- South Launceston
- Coordinates: 41°27′17″S 147°08′43″E﻿ / ﻿41.4548°S 147.1453°E
- Population: 4,592 (2016 census)
- Postcode(s): 7249
- Location: 3 km (2 mi) S of Launceston
- LGA(s): City of Launceston
- Region: Launceston
- State electorate(s): Bass
- Federal division(s): Bass
Suburbs around South Launceston:
| West Launceston | Launceston | East Launceston |
| West Launceston | South Launceston | Newstead |
| Prospect | Prospect | Kings Meadows |

= South Launceston =

South Launceston is a residential locality in the local government area (LGA) of Launceston in the Launceston LGA region of Tasmania. The locality is about 3 km south of the town of Launceston.
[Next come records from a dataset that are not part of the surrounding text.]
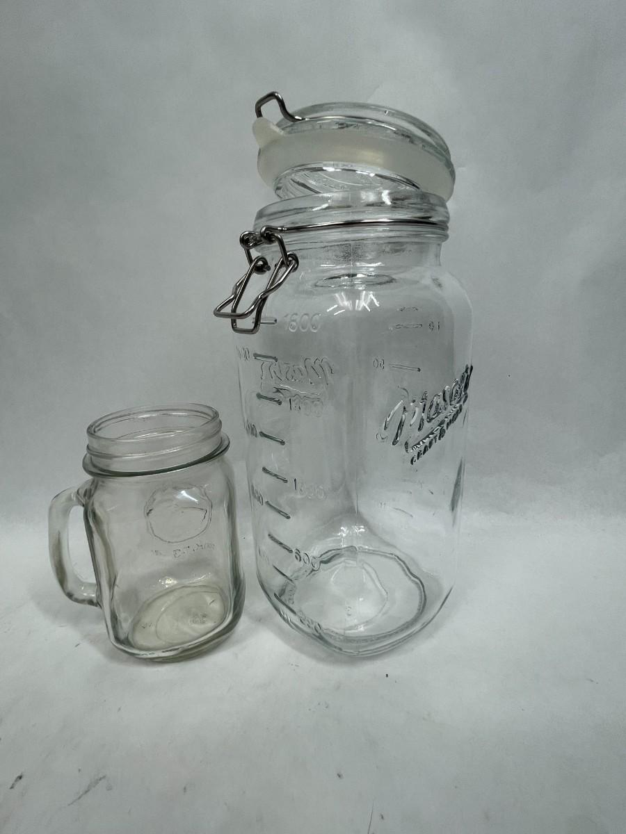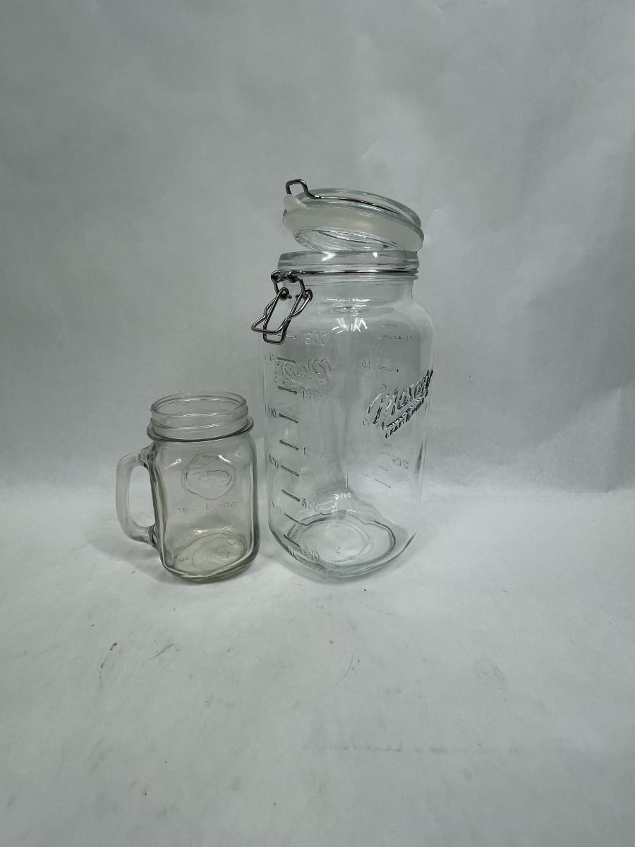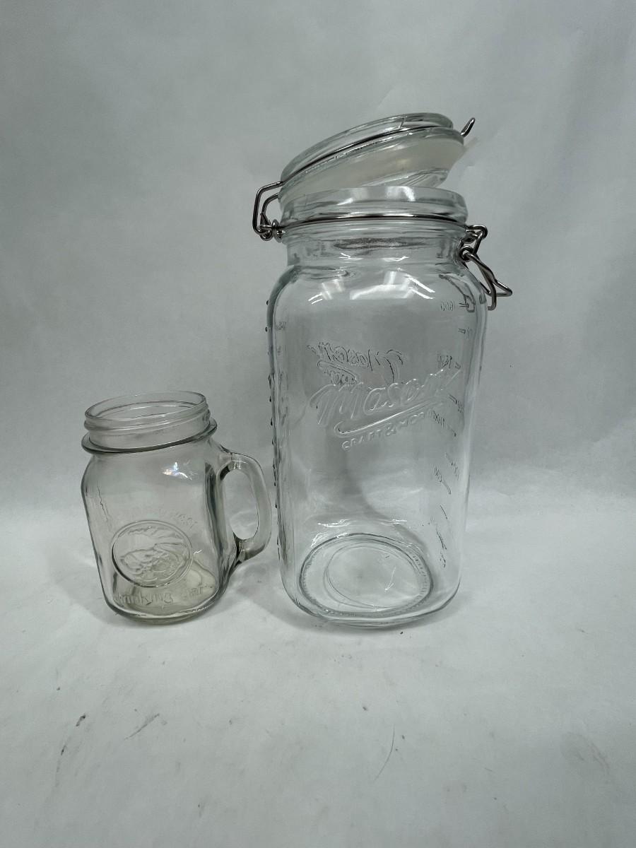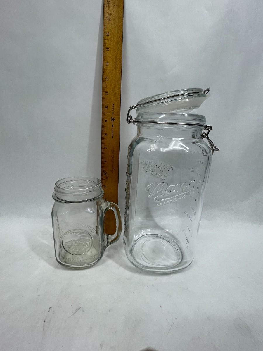 Large Mason Glass Jar with. hinged lid and small Ball jar
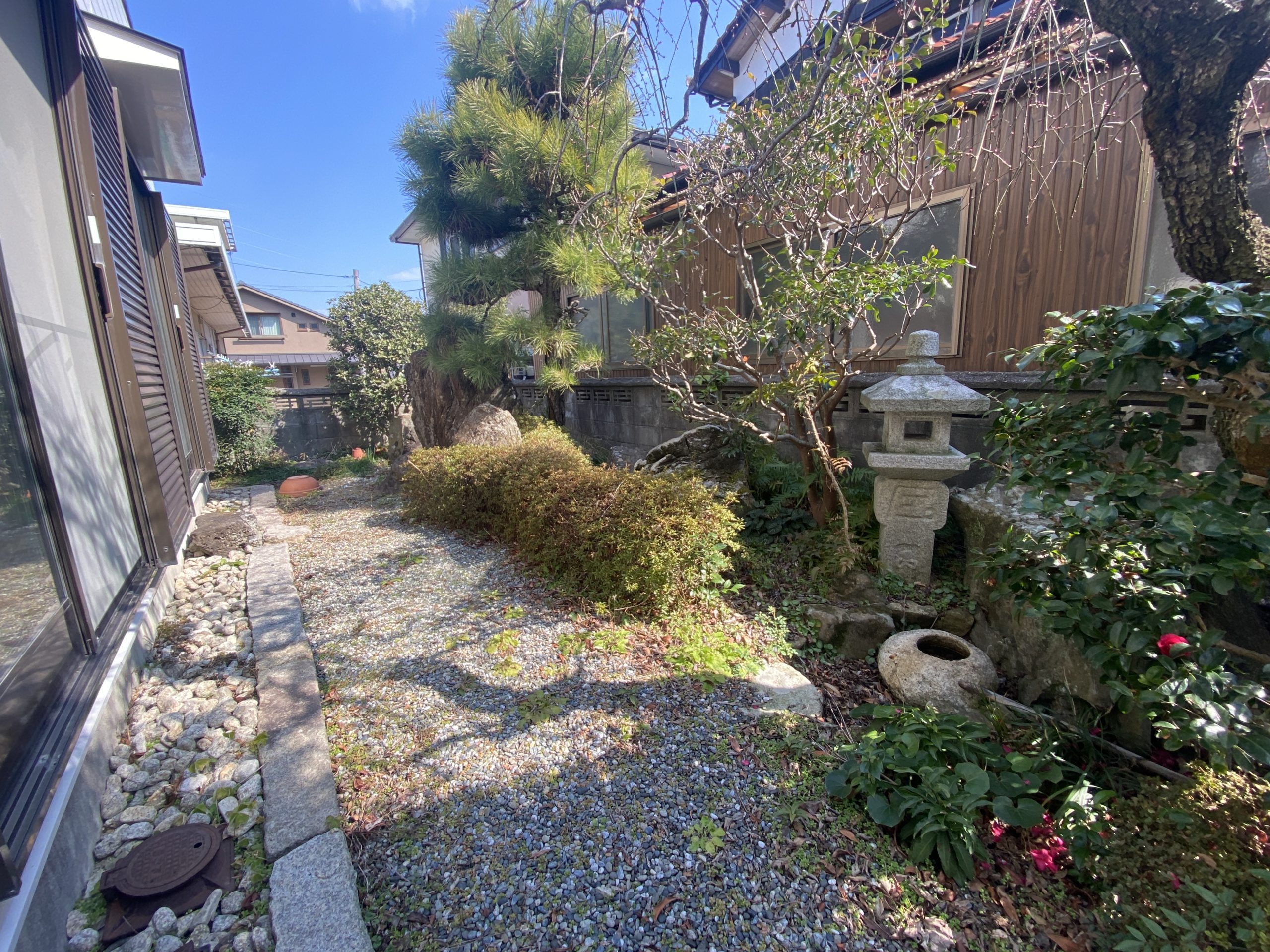 他にも特色として、多めの収納、2ヶ所トイレ、駐車2台可能等があります。お庭は和のテイスト、室内は和洋折衷のテイストとなっており、非日常的で優雅な雰囲気や別荘的な雰囲気を感じ取れ、吹抜けと階段が建物の中心に設けられた余裕のある2LDKのお家だと思います。また、昨今、再開発が進みつつある新山口駅まで徒歩約15分程度にあり、ミドル的な高台に位置しています。
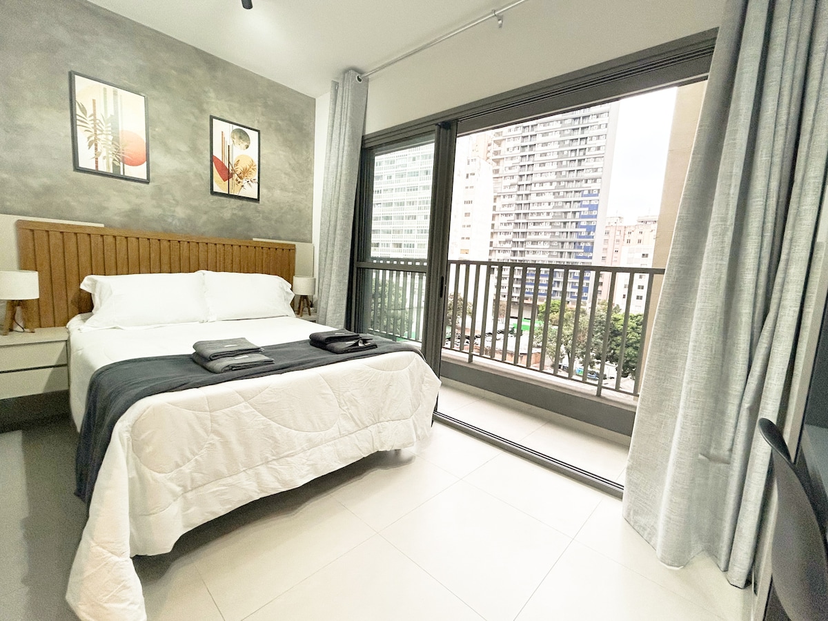 콘솔라상 한복판에 위치해 있어 매력적인 카페, 상징적인 건물(COPAN에서 3분 거리), 박물관, 나무가 늘어선 거리 등 모든 것에서 몇 걸음 거리에 있습니다. 지하철과 문화 센터에 쉽게 접근할 수 있는 상파울루의 최고를 즐기세요. 저희 스튜디오는 실용성과 매력을 제공합니다. 도시를 둘러보고 헬스장, 공동 작업 공간, 정원, 바비큐, 심지어 전용 영화관과 같은 놀라운 공용 공간을 갖춘 편안한 휴양지로 돌아올 수 있는 이상적인 장소입니다. 모두 휴식을 취하고 즐길 수 있도록 설계되었습니다!

The 2016 census recorded a population of 4592 for the state suburb of South Launceston.
It is a suburb of Launceston, and also contains the minor suburbs of Glen Dhu and Sandhill (Five Ways).

==History==
South Launceston is a confirmed locality.
It started life as a small place called Galvin Town; by the 1890s it was included in Launceston as the suburb South Launceston.
In 1906 South Launceston grew to include Sandhill.

==Geography==
Almost all of the boundaries are survey lines.

==Road infrastructure==
National Route 1 (Midland Highway) runs through from south-west to north.